* _Task description_
The data below is to be transcribed word for word; pictures are to be excluded.

* _Dataset extract_
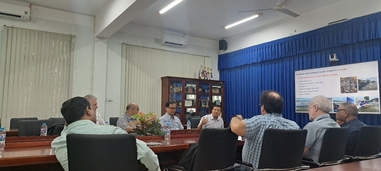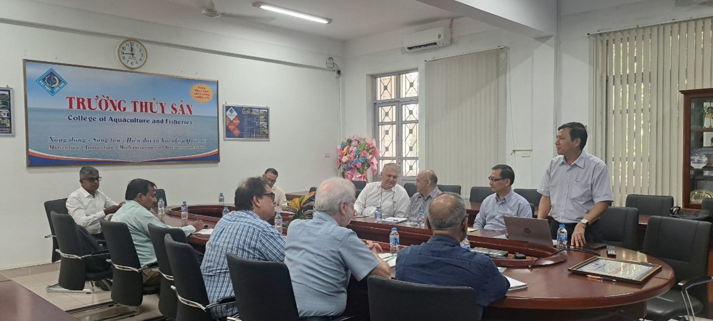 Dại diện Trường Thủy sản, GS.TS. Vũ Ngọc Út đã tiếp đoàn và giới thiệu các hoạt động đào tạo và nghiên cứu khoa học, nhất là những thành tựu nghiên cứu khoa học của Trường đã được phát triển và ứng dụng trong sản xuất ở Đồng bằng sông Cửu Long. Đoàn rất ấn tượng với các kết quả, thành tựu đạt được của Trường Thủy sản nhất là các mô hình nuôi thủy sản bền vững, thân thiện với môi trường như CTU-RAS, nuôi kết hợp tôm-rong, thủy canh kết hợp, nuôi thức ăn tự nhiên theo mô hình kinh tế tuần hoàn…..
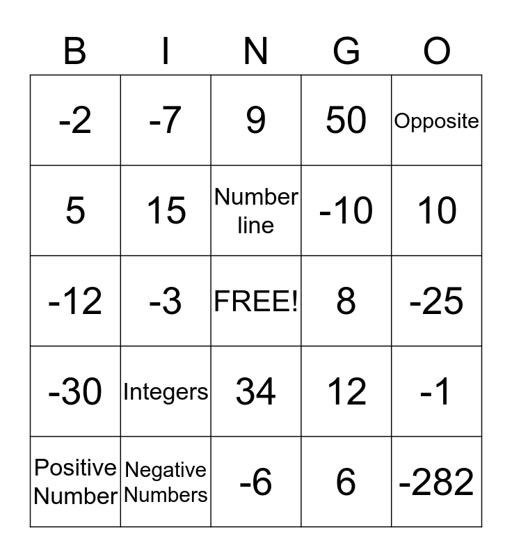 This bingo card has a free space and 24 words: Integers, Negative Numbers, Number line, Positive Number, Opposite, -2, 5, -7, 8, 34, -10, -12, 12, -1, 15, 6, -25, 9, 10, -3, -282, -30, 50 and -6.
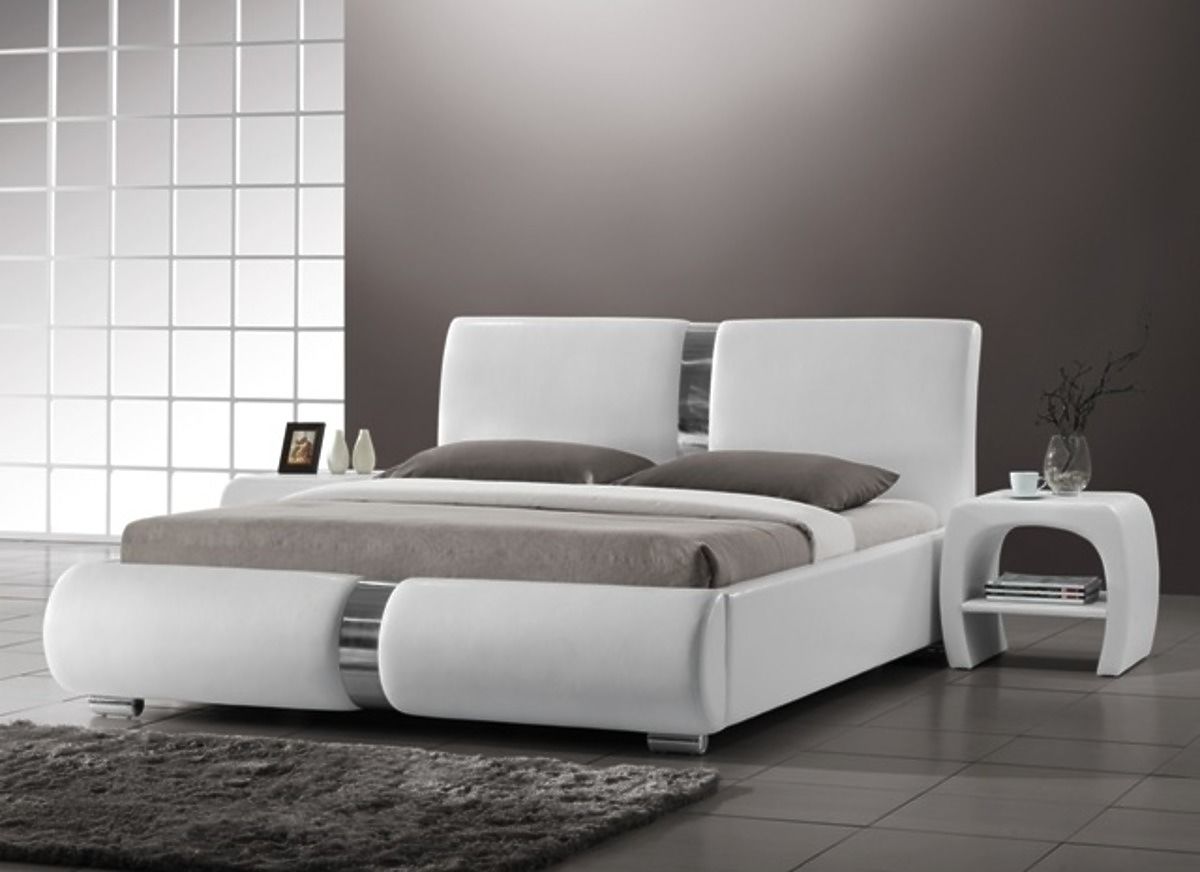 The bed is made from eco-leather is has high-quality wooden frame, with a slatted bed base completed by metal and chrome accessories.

* _Solution to this task_
 Dại diện Trường Thủy sản, GS.TS. Vũ Ngọc Út đã tiếp đoàn và giới thiệu các hoạt động đào tạo và nghiên cứu khoa học, nhất là những thành tựu nghiên cứu khoa học của Trường đã được phát triển và ứng dụng trong sản xuất ở Đồng bằng sông Cửu Long. Đoàn rất ấn tượng với các kết quả, thành tựu đạt được của Trường Thủy sản nhất là các mô hình nuôi thủy sản bền vững, thân thiện với môi trường như CTU-RAS, nuôi kết hợp tôm-rong, thủy canh kết hợp, nuôi thức ăn tự nhiên theo mô hình kinh tế tuần hoàn…..
 This bingo card has a free space and 24 words: Integers, Negative Numbers, Number line, Positive Number, Opposite, -2, 5, -7, 8, 34, -10, -12, 12, -1, 15, 6, -25, 9, 10, -3, -282, -30, 50 and -6.
 The bed is made from eco-leather is has high-quality wooden frame, with a slatted bed base completed by metal and chrome accessories.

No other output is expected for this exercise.